February 12th, 12pm-1pm

CUTLASS 3.x: A Microkernel Abstraction for GPU Linear Algebra

Vijay Thakkar

Advisor: Prof. Rich Vuduc

ABSTRACT

We have created a micro-kernel abstraction for GPUs robust enough to uniformly represent the tensor core and data movement operations from NVIDIA GPU architectures spanning Maxwell all the way to Blackwell. In this talk, we describe the novel two level microkernel abstraction that allows for this generality. Spatial microkernels described by CuTe layouts and layout algebra allow us to uniformly represent GPU architecture specific operations regardless of the threads and data they operate upon.

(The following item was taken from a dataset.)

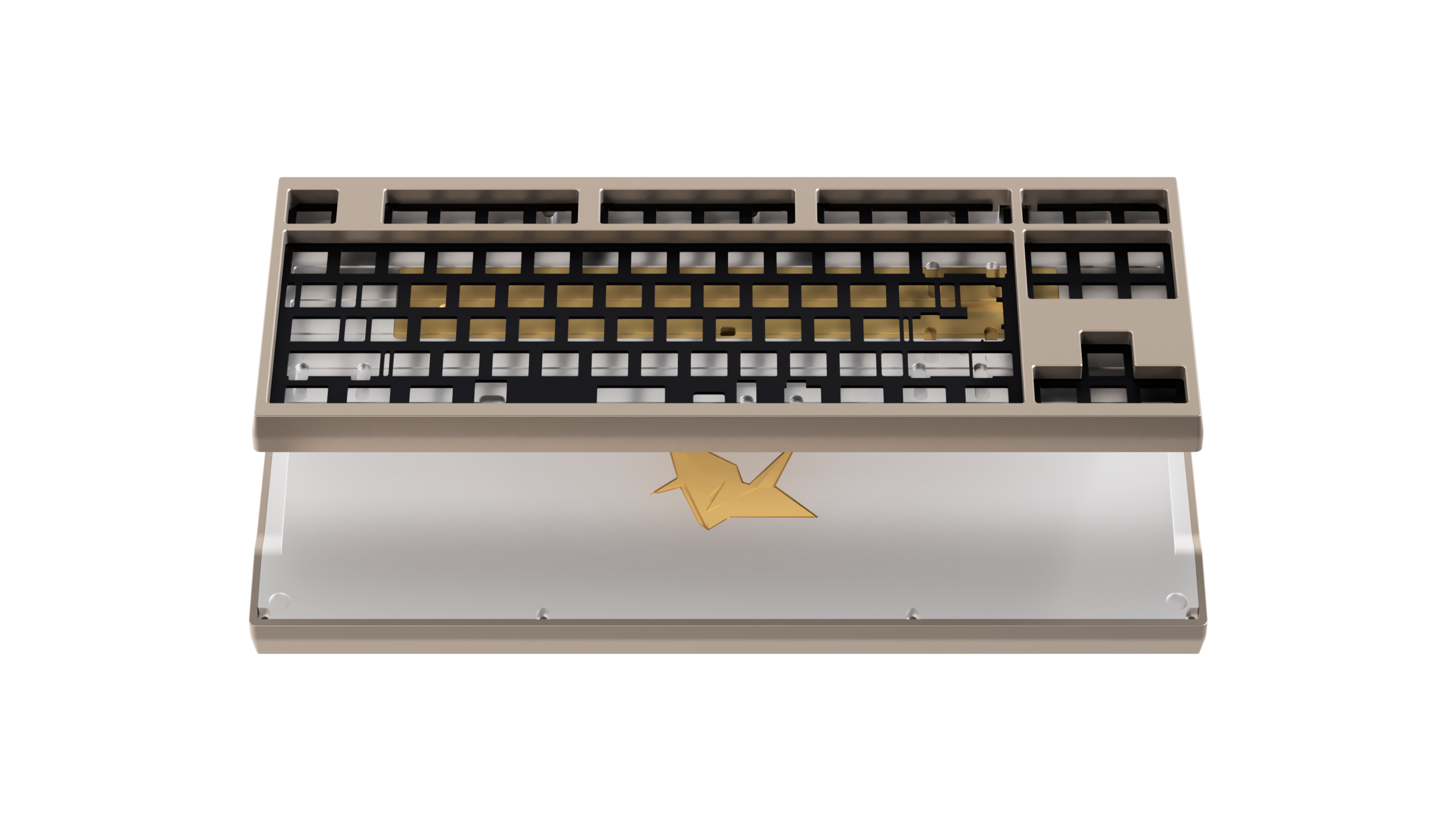 - Keyboard case (Top, brass internal weight, alu/brass bottom, alu/brass crane weight)
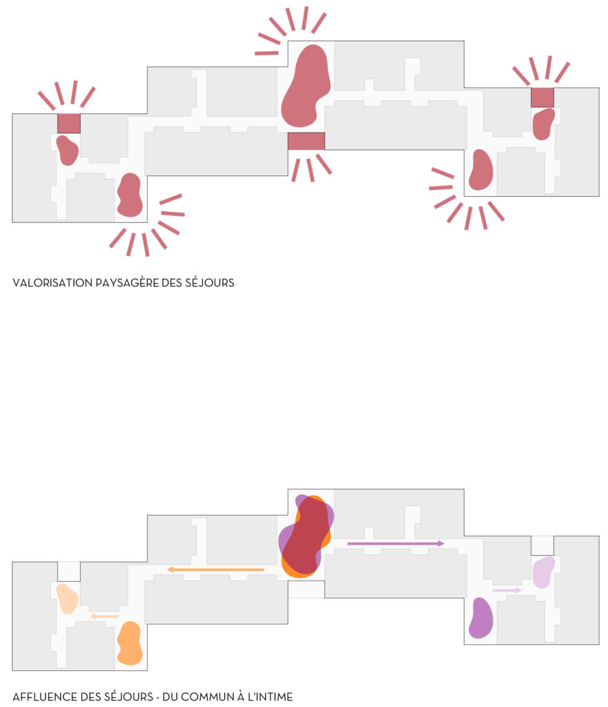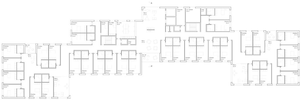 The project EMS St-François Sion organizes the living units in pairs over four levels, allowing different atmospheres and ways of inhabiting the building. Each floor includes a large through-living room acting as the social heart of the level, opening onto a south-facing loggia with panoramic views over the Rhône valley. These bright shared spaces support everyday interaction, while smaller corner lounges provide quieter areas for more intimate moments. Additional living rooms combined with loggias offer spaces at a more domestic scale, allowing residents to choose between collective and private environments.

CUTLASS 3.x's temporal microkernels allow for a hierarchical organization of synchronization and programmer managed on-chip memory abstracting away architecture specific synchronization. Both of these together result in a robust programming model that is performant, extensible, and simply a joy to use.

BIO

Vijay is a senior architect in the fast kernels team where he has worked on CUTLASS 3.0 project since its inception as one of its leads. For the past three years he has focused on the development of Blackwell kernels via CuTe and CUTLASS's programming model and PTX ISA which just released as CUTLASS 3.8 and CUDA 12.8 respectively. He broadly collaborates with the GPU architecture, compiler, and programming model teams on software/hardware codesign for tensor cores and other DL features of datacenter GPUs. At GaTech, he is registered as a part time PhD student in Rich Vuduc's HPC garage lab, where he hopes to defend his PhD some day.